When he was in the hospital, drugged up on painkillers, a strange man approached him and told him about a special research program to rehabilitate athletes and make them superhuman. He was taken to an Ultratech lab and shown a production line creating cybernetic implants, and then given a demonstration of this tech’s miraculous powers. TJ was mesmerized and signed a contract on the spot, essentially handing over his life, career and potential earnings to the megacorporation.
Surgeons implanted titanium shafts into his forearms to add bone-crunching strength to his punches. At first TJ relished this newfound strength, and started training in earnest at an Ultratech facility. They put him through an array of tests, analyzing every aspect of his fighting style and even recording his brain waves when he fought. And they cut on him again and again.
Within six months he’d won back the title, pushing in his opponent’s face and putting the man in the hospital. Ultratech took the lion’s share of the purse and ordered him to live at their facility like a caged animal. He was watched day and night. TJ looked in the mirror one morning and saw a man wearing an iron slave collar staring back.
Ultratech forced TJ into fighting one of their Mark 01 Fulgore battle cyborgs in a highly publicized exhibition bout to show off their new military technology. ARIA—the artificial intelligence mind behind Ultratech—wanted to prove that her machine was better than a human. TJ was ordered to throw the fight just in case, but he went into the ring filled with a rage that made him mighty, and he pounded that metal man into the floor. To punish him ARIA leaked the information about TJ’s cybernetic implants to the press. “We made him a champion,” she announced. “He’s nothing more than an Ultratech product.” TJ was stripped of his title belt and banned from boxing for life.
That night TJ cut the cybernetic implants from his arms, screaming in agony as he pulled the metal from his flesh. He staggered to the local hospital and got them to stitch him up. His arms healed up fast. Too fast. He realized that Ultratech had done something more to him when they’d put him on the operating table and cut him open. They’d messed with his DNA.

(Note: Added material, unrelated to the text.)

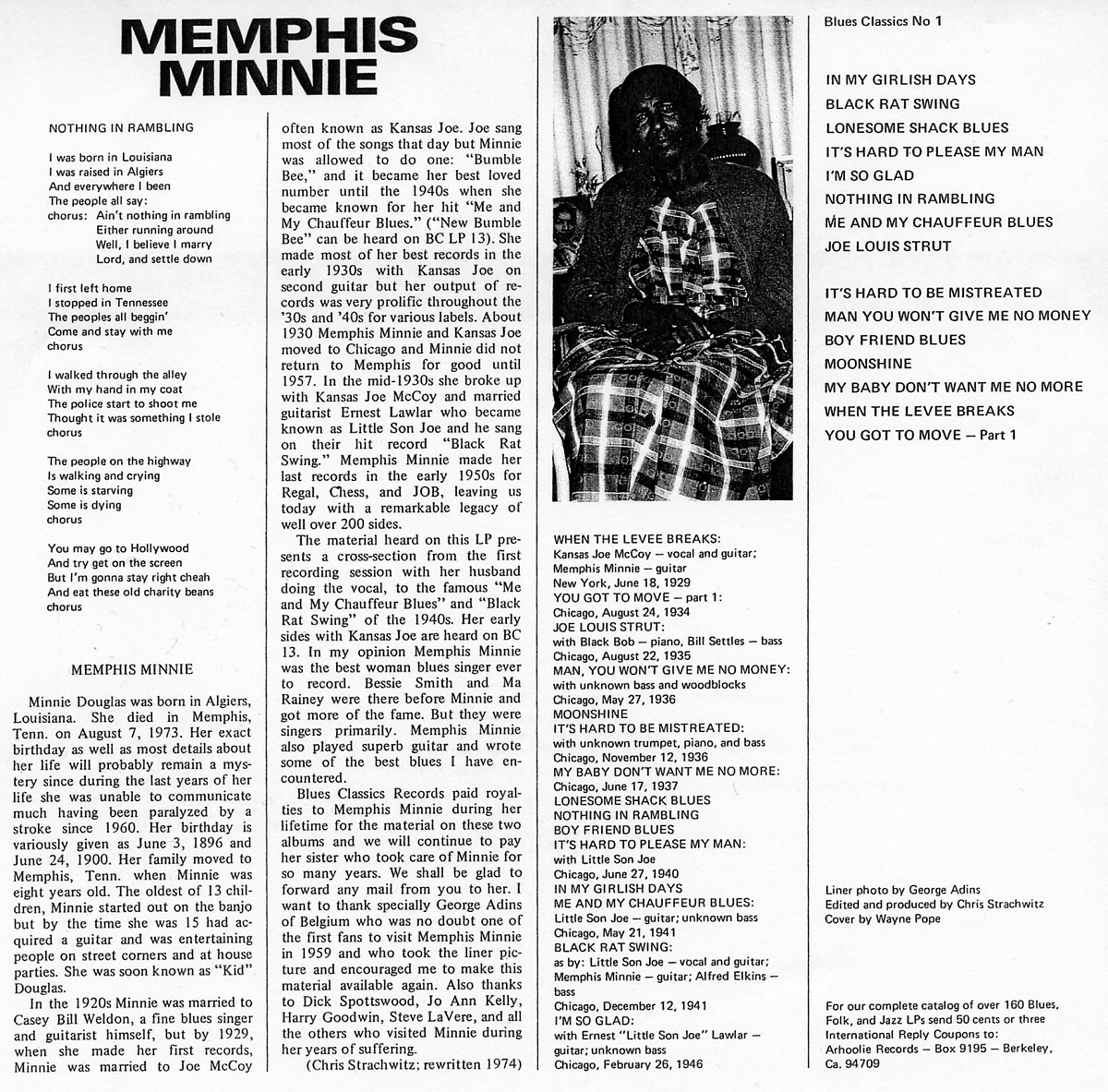 notes (rewritten 1974) by Chris StrachwitzBlues Classics BC 1 (US 1974)

His flesh healed fast, but his soul took longer. Using the little money that he had left to himself he leased his old gym on the South Side and slowly started to fix it up. He named it the “Combo Gym” and started training young fighters. He put up an American flag out front to remind him of his dad.

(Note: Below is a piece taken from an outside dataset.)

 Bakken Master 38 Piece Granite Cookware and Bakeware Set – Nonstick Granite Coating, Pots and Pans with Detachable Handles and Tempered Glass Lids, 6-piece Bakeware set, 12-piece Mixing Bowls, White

One day a man came around asking about him. A guy with a strange accent. He told TJ that people had been watching him—a group called the Disavowed. Their goal was to utterly destroy Ultratech and they wanted to enlist him. The foreigner showed TJ information linking his former manager to Ultratech. The megacorp had been playing the fighter for years. They’d bankrupted him so that they could get him in their clutches and study him like a lab rat. And now the Disavowed was offering to help TJ get even.

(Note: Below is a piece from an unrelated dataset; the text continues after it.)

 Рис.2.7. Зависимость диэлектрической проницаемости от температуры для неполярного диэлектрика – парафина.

TJ told them everything that he knew about his procedures, and every detail about the Ultratech facilities and the cybernetic labs where he’d been operated on and trained. He even gave them his bloodstained implants.
The Disavowed starting feeding TJ information, enabling him to track down Ultratech agents, like the assassin Sadira. After a while TJ and the spy Orchid became friends, and infiltrated Ultratech together. He joined her on another mission to South America and the headquarters of the Night Guard to meet its last surviving member—the monster hunter Maya—and the warrior-monk Jago. But then they were attacked by an Ultratech army of Fulgore and Riptor units. TJ was ready to go out swinging. And then, by some miracle, the army suddenly called off the attack and retreated.
The boxer had survived another round and will continue his training, hoping to live up to the nickname “Combo.”